Thanks for the info. It will help someone. I do not have any of the original diesels.
I am sure some day I will end up with some. 

Oh, and welcome to the S forum.


----------



## mopac (Feb 24, 2011)

Thanks for the info. It will help someone. I do not have any of the original diesels.
I am sure some day I will end up with some. 

Oh, and welcome to the S forum.


----------



## mopac (Feb 24, 2011)

OOPS, sorry for double post. Stupid computer.


----------



## AmFlyerFan (Jan 27, 2019)

Welcome KCampbellNH.
Here's my Baldwin 355 story; kinda long.
Last winter I discovered this site while trying to get my 355 running again. It was my first AF; X-mas 1957.
I've always had issues with the brushes. I tried soldering up a couple of sets of new brushes. They're tough to do. 
Not happy with the results, I have an order placed with www.Portlines.com for parts in general + a Can motor and reverse unit for my Baldwin. I'm waiting on my order now. Once I get them installed I'll let everyone here know.
And yes, mine has that cracked screw hole. Dad did it while showing me how to put it back together, a learning process for both of us.


----------



## mopac (Feb 24, 2011)

Not far back in the forum, just a few days, we have some info on repairing those screw
holes.
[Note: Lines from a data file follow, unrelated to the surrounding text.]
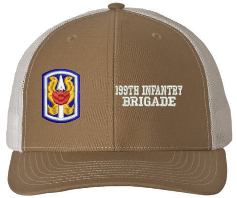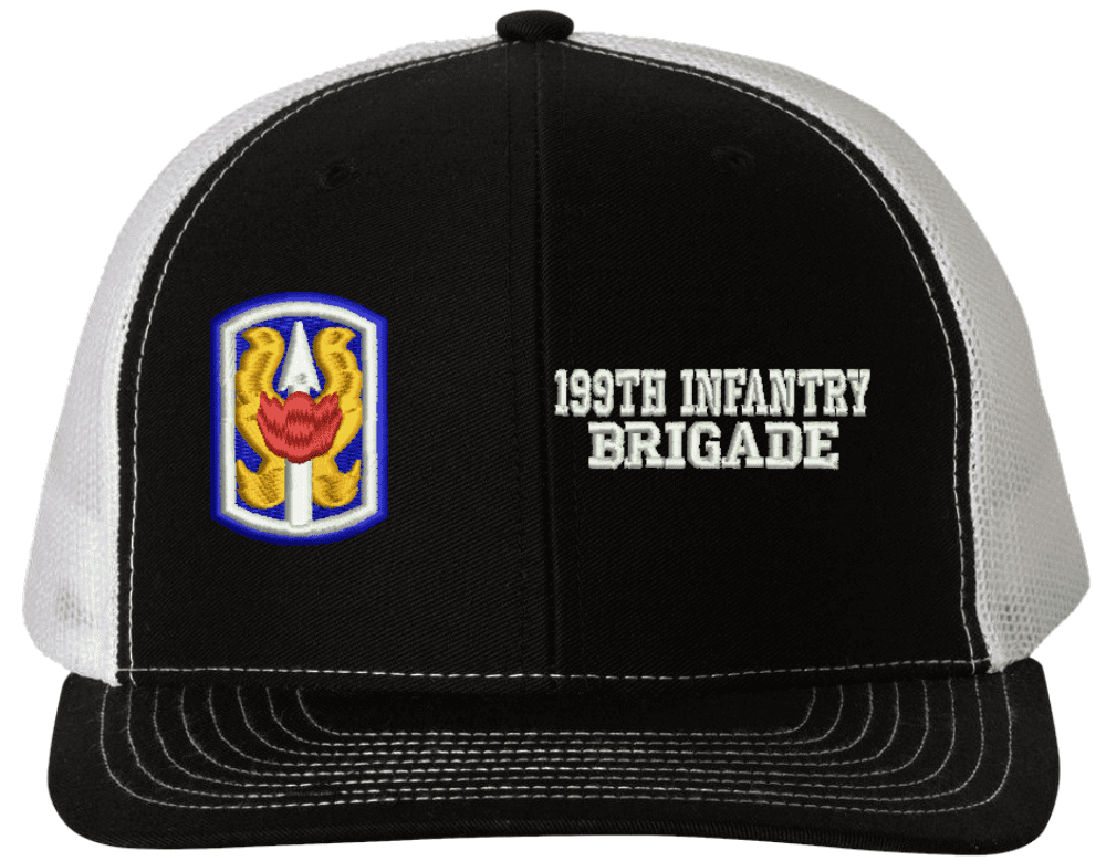 MilitaryBest is proud to offer this Mesh Back 199th Infantry Brigade Split Cap. The 199th Infantry Brigade Insignia is embroidered onto a 6x panel mid/low profile mesh back cap and is crisp, clean, and sure to be loved by people of all ages! As with all MilitaryBest caps and apparel your satisfaction is guaranteed!Caps ordered with embroidered back text requires an additional 1 to 2 days of production time. All personalized caps will be embroidered in ALL CAPITAL LETTERS. Caps personalized with back text are not returnable unless there is a material defect in the cap.
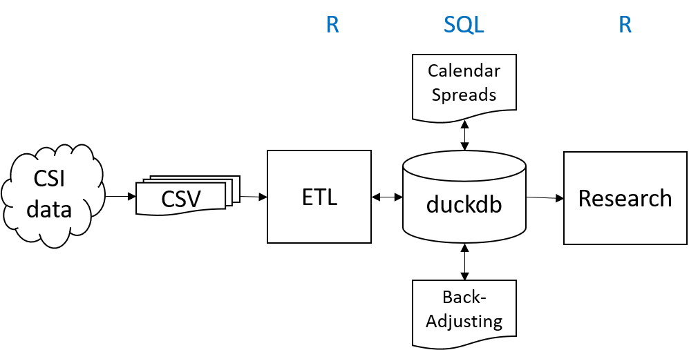 The data arrives from CSI Data (my futures data provider) in 1 CSV file for each individual futures contract (>10K historical contracts in total). An ETL code in R reads the CSVs, does some quality checks, and writes the data into the duckdb database. Thereafter we run 2 SQL scripts in duckdb. One to process the individual futures contracts into back-adjusted time series (one time series for each market), and the other one to compute all calendar spreads, from contiguous contracts to contracts 1 year apart, within the same market. This is how it looks more or less:
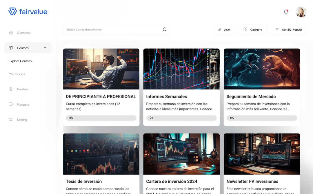 En FairValue, te guiaremos y ayudaremos a lograrlo. Por medio de un curso estructurado de 16 semanas, podrás entender desde los conceptos básicos de la macroeconomía, las técnicas del análisis técnico, hasta herramientas avanzadas de análisis de empresas.
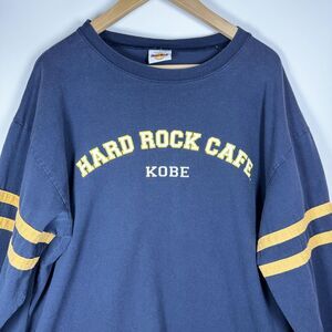 Vintage Hard Rock Cafe Shirt Mens Large Navy Blue Kobe Japan Long Sleeve Striped 90s
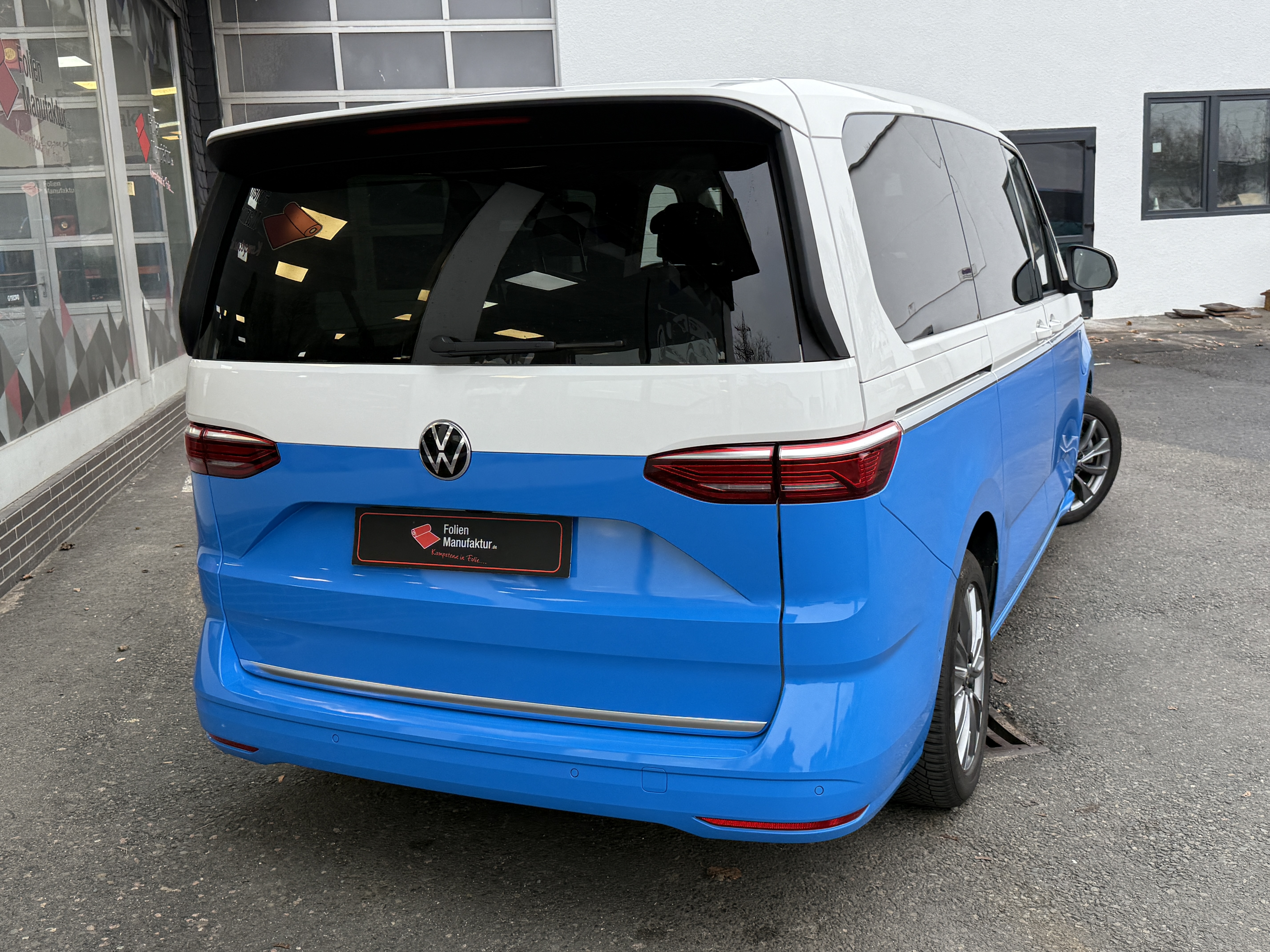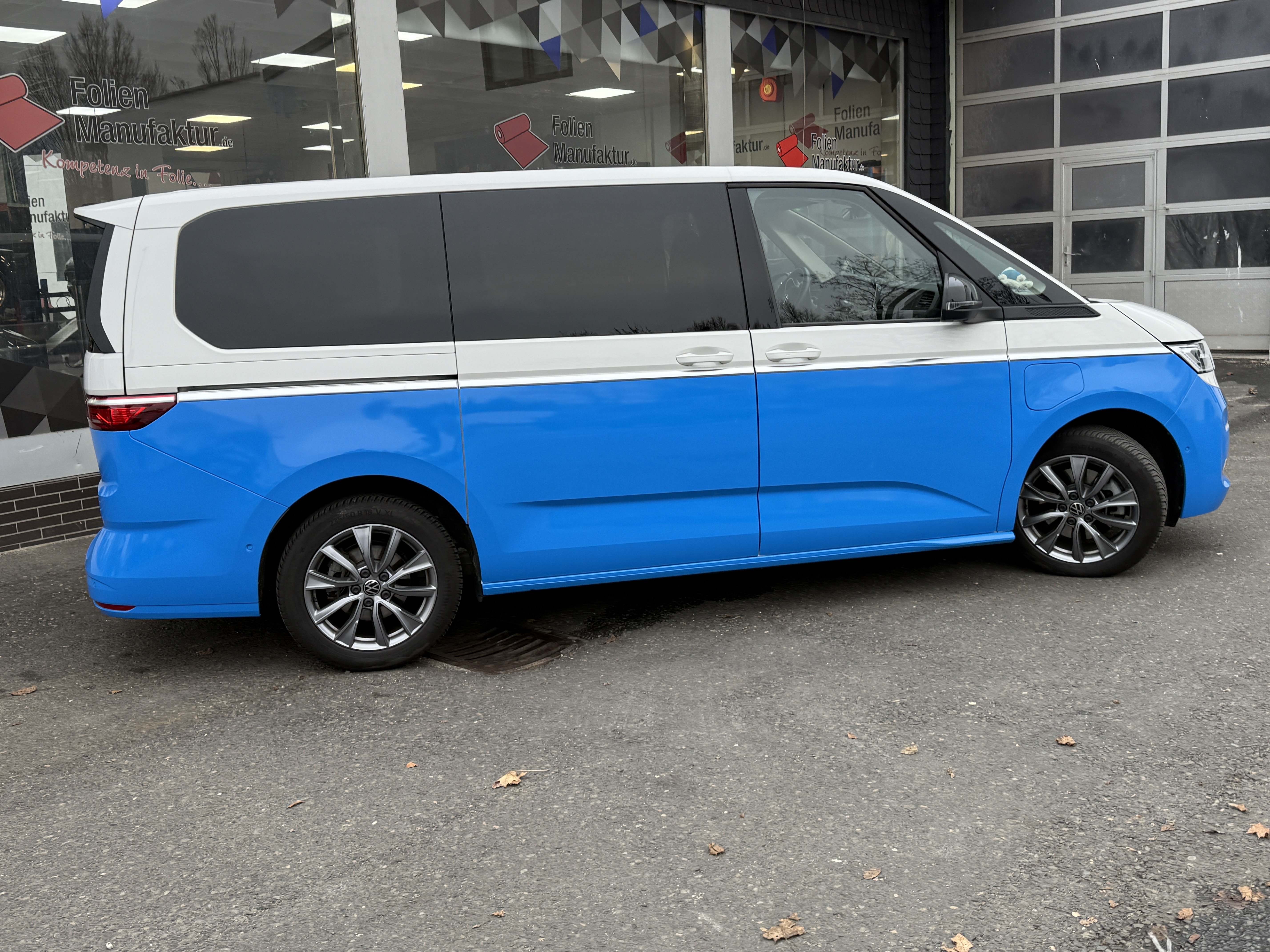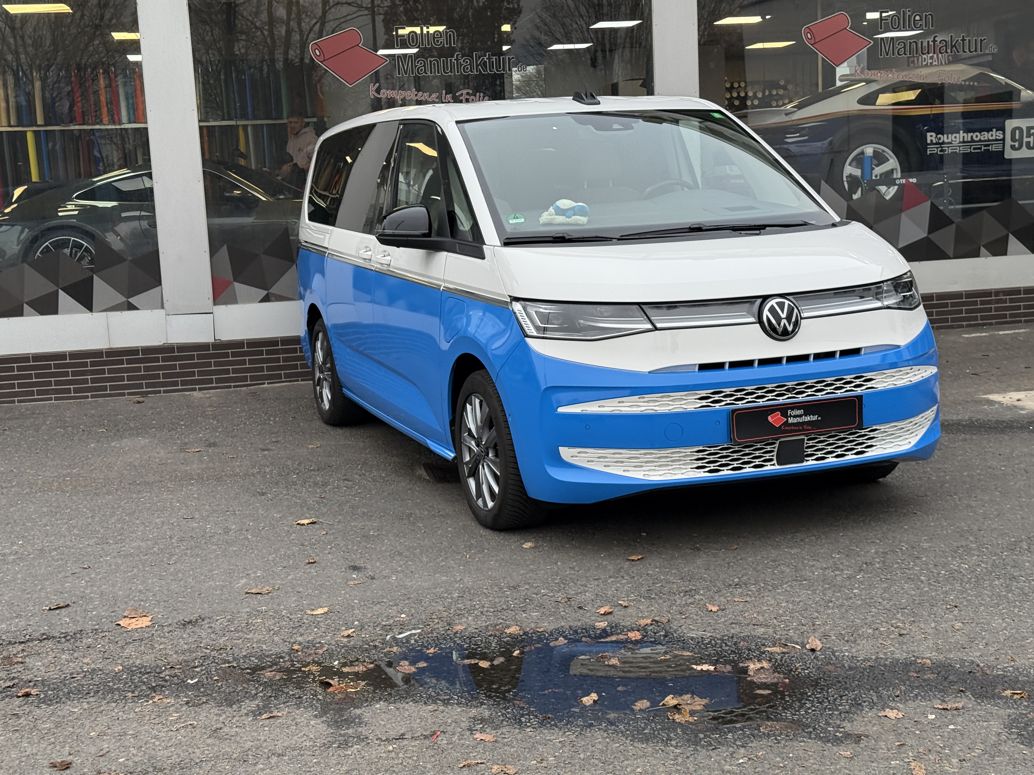 Der VW T7 zeigt jetzt, wie modern Understatement wirklich aussieht: Unterhalb in sattem Blau vollfoliert – wie ein maßgeschneiderter Akzent, der die Linien schärft und dem Bus eine sportlich-elegante Präsenz verleiht. 🖤🔥

JB Weld is your friend.


----------



## AmFlyerFan (Jan 27, 2019)

I learned all about JB Weld here. I've used it on a couple of holes (successfully). I'm gonna leave my Baldwin patch in place. Whenever I see it I remember Dad and his lessons.


----------



## BrokeCurmudgeon (Feb 8, 2016)

mopac said:


> OOPS, sorry for double post. Stupid computer.


I hate this damn computer,
I wish they would sell it.
It never does what I want,
Only what I tell it.:laugh:


----------



## flyernut (Oct 31, 2010)

Welcome to the forum.. I have 3 Baldwins, and they all run perfectly.. I bought one of them at a train show, and the seller told me it was just rebuilt, and runs perfectly.. Well, I got it home, put it on the track, it went 2-3 feet and burned up...Some rebuild... The most important thing to remember is to center the armature in the field, precisely. Dad bought me the set in 1957 too!!!


----------



## cramden (Oct 13, 2015)

Welcome to the forum. Thanks for the tip on the Baldwin motors. Always good to have another "S" guy to share information with.


----------



## flyernut (Oct 31, 2010)

BrokeCurmudgeon said:


> I hate this damn computer,
> I wish they would sell it.
> It never does what I want,
> Only what I tell it.:laugh:


Good morning Fred, how are you doing/feeling??


----------



## BrokeCurmudgeon (Feb 8, 2016)

flyernut said:


> Good morning Fred, how are you doing/feeling??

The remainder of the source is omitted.